Ya that's the massive weakness of these studies. They always read more into their data than what's actually there.

You're basically taking a snapshot of lights in a city at night. You can't see any of the people or what they're doing, but you see a lot of lights along the waterfront. You know a shipment of freight just came in, so you make the reasonable assumption they're unloading the freighter.

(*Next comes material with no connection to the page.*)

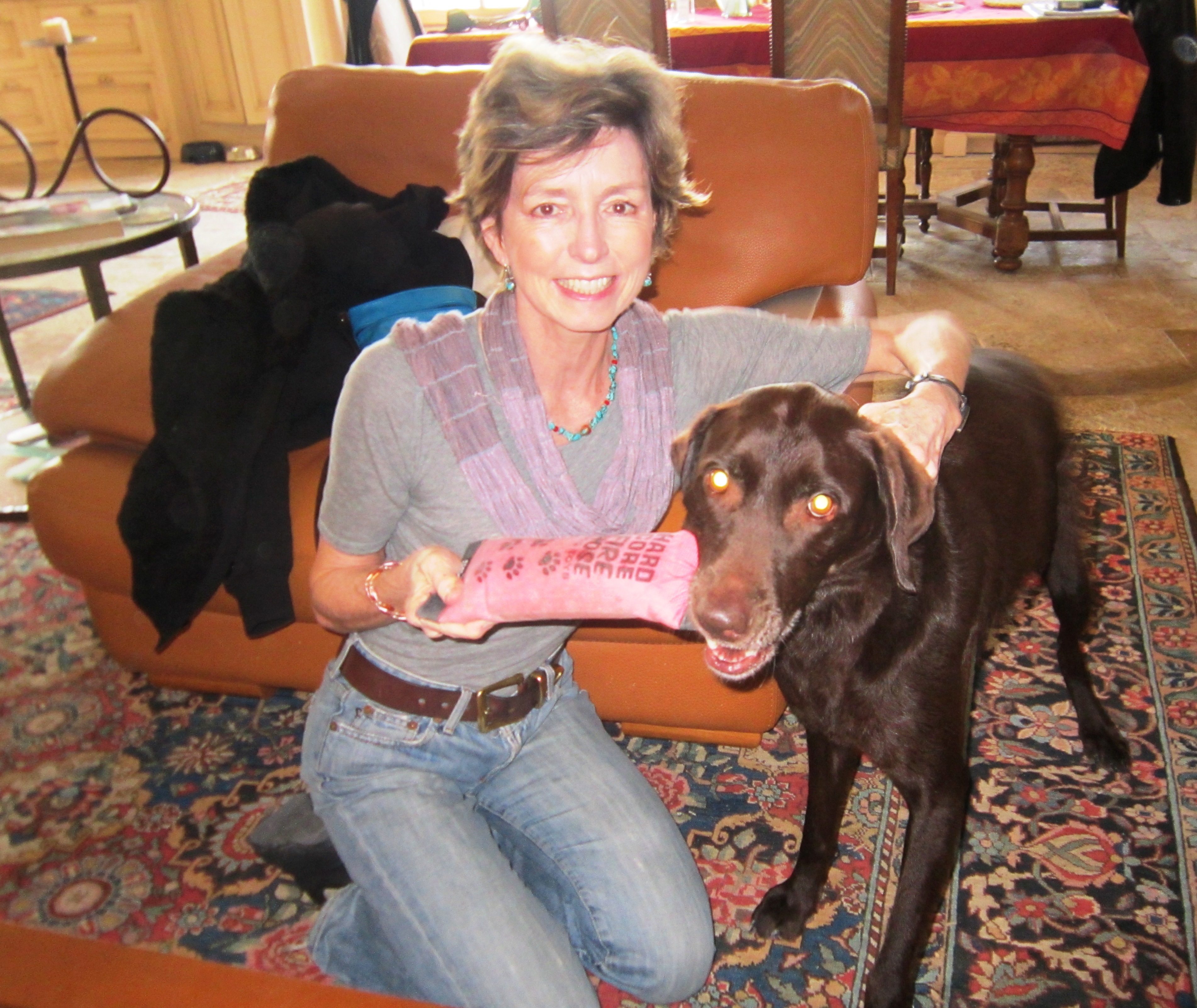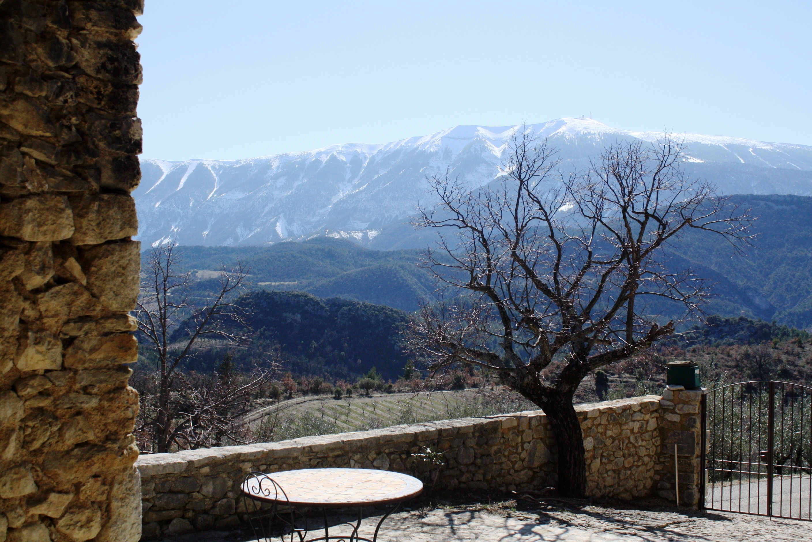Six weeks later, after a stint in London, we found ourselves back in France, in another place we’d never heard of: Plaisians. As we pulled into this tiny village and wove our way through the mountains to our new home, Skip gazed up at snow-capped Mount Ventoux with delight. This iconic climb in the Tour de France was practically in our back garden- just one of the many delights of the gorgeous three bedroom house where we were staying. Another was the enormous fireplace. Yet another was the gourmet kitchen (which Skip put to good use). And best of all was Noisette, a chocolate lab who raised the bar on doggy perfection. There was also a bit of strenuous log chopping and chain sawing that needed to be done as well as daily cleaning of the glass door on the fireplace but it was a small price to pay for three weeks in this mountain paradise (and easy for me, since Skip was the one who did it).

But they could just as easily be dumping the tea in the harbor. There's no mechanical description of what is happening, just the observation that something appears to be happening.


> Could our memory of a beautiful forest glade, for example, be just a re-creation of the neural activity that previously enabled us to see it?

As one with aphantasia (and apparently a cocktail of other perceptual deficiencies), I wonder if this means that memory happens "before" perception in the pipeline? I know there's a question of whether the lack of mental imagery of aphantasia is just a "short circuit" in the brain or a complete bypass of the relevant areas, but if "memory" is just an input replay…why can I remember seeing things without activating the "I am seeing" sense?


I've always wanted a more in-depth study of aphantasia beyond "we can't visualize", like whether aphantasiacs can make imagination-based value judgments even without consciously perceiving the visual. Things like "would a purple apple look appetizing? How about zebra-striped?" or "would this furniture look good in our kitchen?"


I can't usually answer these questions accurately with any confidence. Color is just something I don't care about much or remember that vividly. I have no idea which caused the other (I'd be surprised if they weren't correlated). I have preferences, but if something is the "wrong" color I usually don't mind too much as long as it serves its purpose.


I wonder if Déjà vu are in fact perceptions that get misclassified as memories.


Probably a kind of I/O virtualization.